Como Jesus,
enfrentamos e superamos alienações
Paulo
sublinha enfaticamente que, a partir de Jesus, as diferenças religiosas,
culturais e nacionais não importam mais: todos têm o mesmo Senhor, que é
generoso para com todos os que a ele se abrem e o invocam. Esta é uma boa
notícia acessível e estimuladora. Ao mesmo tempo, é um apelo à comunhão
ecumênica e à abertura à verdade do outro, a eliminar os preconceitos e
interesses que nos levam a julgar os outros como inferiores e maus,
negando-lhes direitos fundamentais.
Depois do
batismo no rio Jordão, Jesus sentiu necessidade de compreender melhor aquilo
que viu e ouviu. Ele fará isso ao longo da sua vida, mas Lucas condensa este
discernimento num tempo e num lugar bem determinados. Com isso, o evangelista
sublinha a total identificação de Jesus com o povo hebreu e com toda a
humanidade. Efetivamente, Jesus foi tentado, e não somente num período de
quarenta dias. Uma leitura atenta dos evangelhos, especialmente do desfecho da
missão de Jesus em Jerusalém, deixa claro que a tentação o acompanhou durante
toda sua vida.
O Espírito
leva Jesus ao deserto, lugar da impotência, da carência e da dependência, mas o
Tentador o conduz aos lugares altos, onde a riqueza e o poder brilham mais. O
Diabo personifica as forças que se opõem ao plano de Deus, o espírito do poder,
da dominação e da manipulação.

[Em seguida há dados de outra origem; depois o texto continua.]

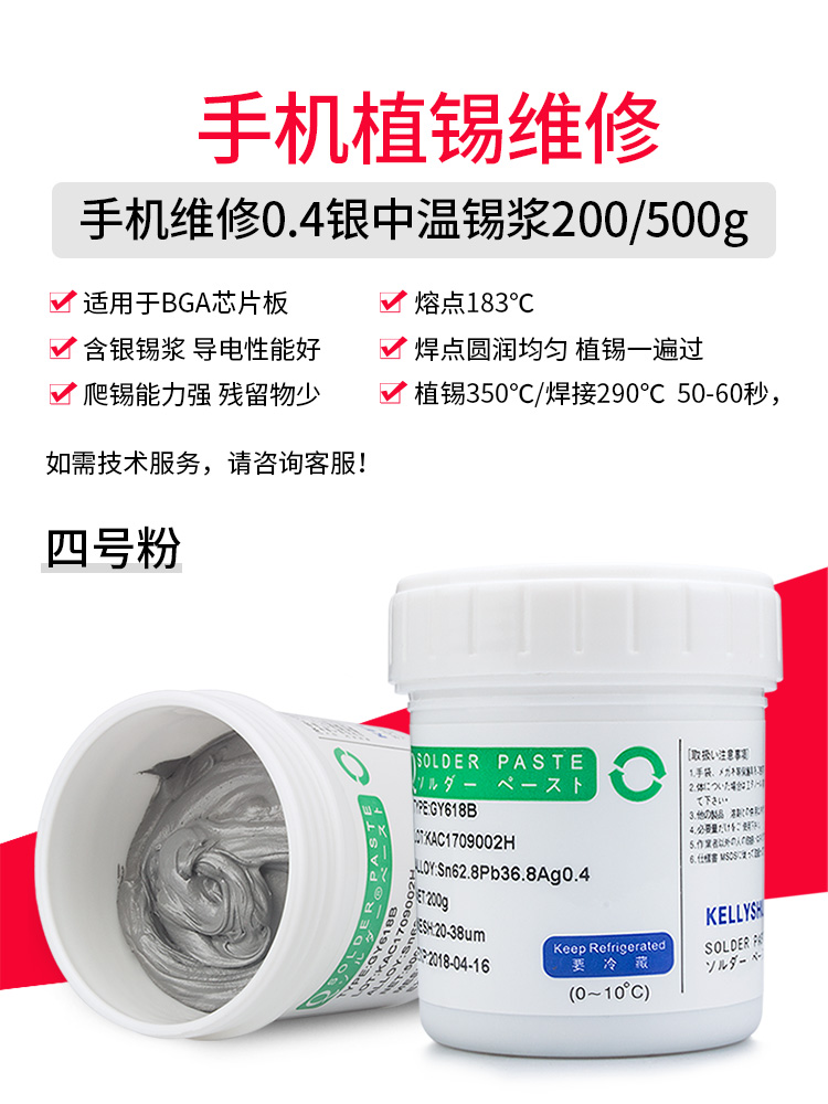 Mobile phone repair 0 4 silver medium temperature solder paste No. 4 powder total weight 500g

Jesus se defronta com estas forças e caminhos:
fugir das carências comuns a todos as criaturas e agir em causa própria; seguir
a lógica da riqueza e do poder que amedronta, expropria e oprime; explorar a fé
dos pequenos, manipular as escrituras e transformar a religião num espetáculo.
Prestemos
atenção à segunda tentação. “O diabo o levou para o alto; mostrou-lhe, num
relance, todos os reinos da terra, e lhe disse: eu te darei todo este poder e a
riqueza destes reinos, pois a mim é que foram dados, e eu os posso dar a quem
eu quiser.” A proposta é tentadora, mas o custo é altíssimo: renunciar à
liberdade e à compaixão “Se te prostrares diante de mim, tudo isso será teu.”
Riqueza e poder é o que os adversários da Vontade de Deus oferecem, em troca de
obediência e submissão, às pessoas que os servem.
Ao dizer que
a pessoa humana não vive somente de pão, Jesus está se referindo a Dt 8,3 e
propondo a fidelidade aos princípios da Aliança como garantia de alimento para
todos. Afirmando que só a Deus devemos adoração e culto, está descartando a
meritocracia e afirmando que não é correto considerar tudo como mérito pessoal
(Dt 6,10-15). Dizendo que não devemos colocar Deus à prova, Jesus tem diante de
si a passagem Dt 6,16 e recorda o acontecimento de Massa, quando, atravessando
o deserto, os hebreus protestaram contra Deus por causa da falta de água.
Reconhecer
nossos vínculos com Deus, com os irmãos e irmãs e com toda a criação,
reconhecer que tudo é dom recebido e confiado ao nosso cuidado em favor de
todos os seres humanos, é uma forma de manter um horizonte que transcende
nossos interesses e medos, e de evitar o risco da idolatria. Deus não limita
nem se opõe à autonomia humana, mas questiona os valores e instituições menores
que colocamos em seu lugar: dinheiro, poder, raça, indivíduo, nação e até a
religião. A decisão está posta nas nossas mãos: a quem serviremos, obedeceremos
e adoraremos?
Mas assim
como Jesus resistiu às tentações, também seus discípulos e discípulas podemos
vencê-las. Por isso, além de lucidez para percebê-las, precisamos de coragem e
de estratégias adequadas para enfrentá-las. E a quaresma se nos oferece uma
espécie de treinamento especial e intensivo para esta luta. Para resistir às
tentações que, mesmo sob uma roupagem que aparenta sabedoria, felicidade e
sucesso, deixemo-nos guiar pelo
Espírito Santo e pelo Evangelho de Jesus de Nazaré. É assim que
venceremos o pecado, que é uma espécie de alienação existencial e social.
Jesus de Nazaré, irmão e
companheiro dos homens e mulheres nas grandes e pequenas tentações: cura nossa
liberdade e liberta nossas utopias, feridas pelo pecado da ambição. Ajuda-nos a
descobrir, amar e internalizar tua Palavra, para que ela sustente, guie e
julgue todos os nossos projetos, decisões e ações. E não nos deixes ceder à
tentação de negar nossa vulnerabilidade, de aderir à lógica do dinheiro e do
poder e de manipular a fé dos pobres. E que jamais troquemos a compaixão
regeneradora pela busca da prosperidade. Assim seja! Amém!